Alternative passaging methods to cell detachment using Accutase include Dulbecco's PBS containing 0.5mM EDTA, which does not contain _MgCl2 or _CaCl2 , and ReLeSR. Since ReLeSR selectively detaches only iPSC cells, differentiated cells remain on the plate. This makes it possible to perform selection quickly and easily in normal iPSC culture as well.

2) On the second day, gently tilt the plate to collect cell clumps in the bottom corners of the wells, remove half of the medium from the top of the wells, and add the SMAD1 inhibitor dorsomorphin (2 μM) and the SMAD2 inhibitor. Replace with fresh hPSC medium supplemented with SB431542 (10 µM). On the fourth day, this treatment is repeated.

Dorsomorphin blocks the BMP signal transduction pathway, and SB431532 blocks the TGFβ signal transduction pathway, which has been shown to improve neuron induction efficiency to more than 80% of all cells14 ^.

3) On the 5th day, gently tilt the plate and replace the medium with FGF2-free nerve induction medium (Table 2).

By day 5, cell aggregates in the form of embryoid bodies are observed. Embryoid bodies mimic the endogenous conditions under which the conversion of pluripotent hPSCs to neuroectodermal cells occurs.

4) On day 7, transfer the embryoid bodies in neural induction medium containing FGF2 to 6 cm standard culture plates pre-coated with Matrigel or Geltrex for 1 hour at 37°C. After 24 hours, perform microscopic observation to confirm that all embryoid bodies have settled and adhered to the plate.

5) On day 8, remove half of the medium and replace with fresh neural induction medium supplemented with FGF2 without dorsomorphin. Repeat this treatment daily until days 13-17 (varies depending on the PSC cell line). On days 13-17, the first neural rosettes are formed, and later neural tube-like structures are observed. Cells contained in neural rosettes or neural tube-like structures, unlike cells at the periphery of the plate, express early neuroectodermal markers such as Pax6 and Sox1.

6) Two days after neural rosettes or neural tube-like structures are observed, detach the rosettes from the plate using a fine-tipped pipette tip and transfer to a 15 mL Falcon tube containing nerve growth medium. Care is taken to ensure that non-neuronal cells remain at the periphery of the plate to avoid inappropriate cell selection and reduce NPC purity (Figure 4).

Alternatively, neural rosettes can be removed from the plate using Neural Rosette Selection reagent (Stem Cell Technologies) or by adding dispase, incubating briefly (3-5 minutes), tapping, and washing with PBS. It can be peeled off. The Neural Rosette Selection reagent was found to be suboptimal for selective detachment of neural rosettes in monolayer differentiation cultures and is therefore recommended for use in embryoid body cultures only.

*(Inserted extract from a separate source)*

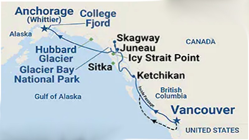 A maioria dos cruzeiros partem do Canadá e também da costa oeste dos Estados Unidos e visitam os portos mais turísticos do Alasca. Entre eles, Ketchikan, conhecida como a capital do salmão; Sitka; Juneau, a capital do Alasca; Skagway e Anchorage (Whittier). Alguns roteiros inclusive priorizam permanências mais estendidas para o hóspede poder aproveitar tudo que os destinos oferecem, de culinária até atrações locais.

7) Resuspend the selected rosettes in neuronal growth medium at a density of 1 x ¹⁰ cells/mL and spread them onto plates pre-coated with poly-L-lysine (PLL) (0.1 mg/ml solution) and laminin. Sow at a density of ×10 ⁵ pieces/cm ² . Avoid reseeding at low densities as this may promote undesirable differentiation and prevent second generation rosette formation.

Laminin 511 (but not laminin 332, laminin 111 and laminin 411) is preferred over other ECM alternatives such as Matrigel and Geltrex because it does not contain growth factors that can interfere with the differentiation process.

After 7-8 days, the second generation nerve rosettes are detached from the plate manually (or using dispase) and transferred to another Matrigel-coated plate containing N2B27 medium. Next, the third-generation rosette will be disassembled and NPC will be purified.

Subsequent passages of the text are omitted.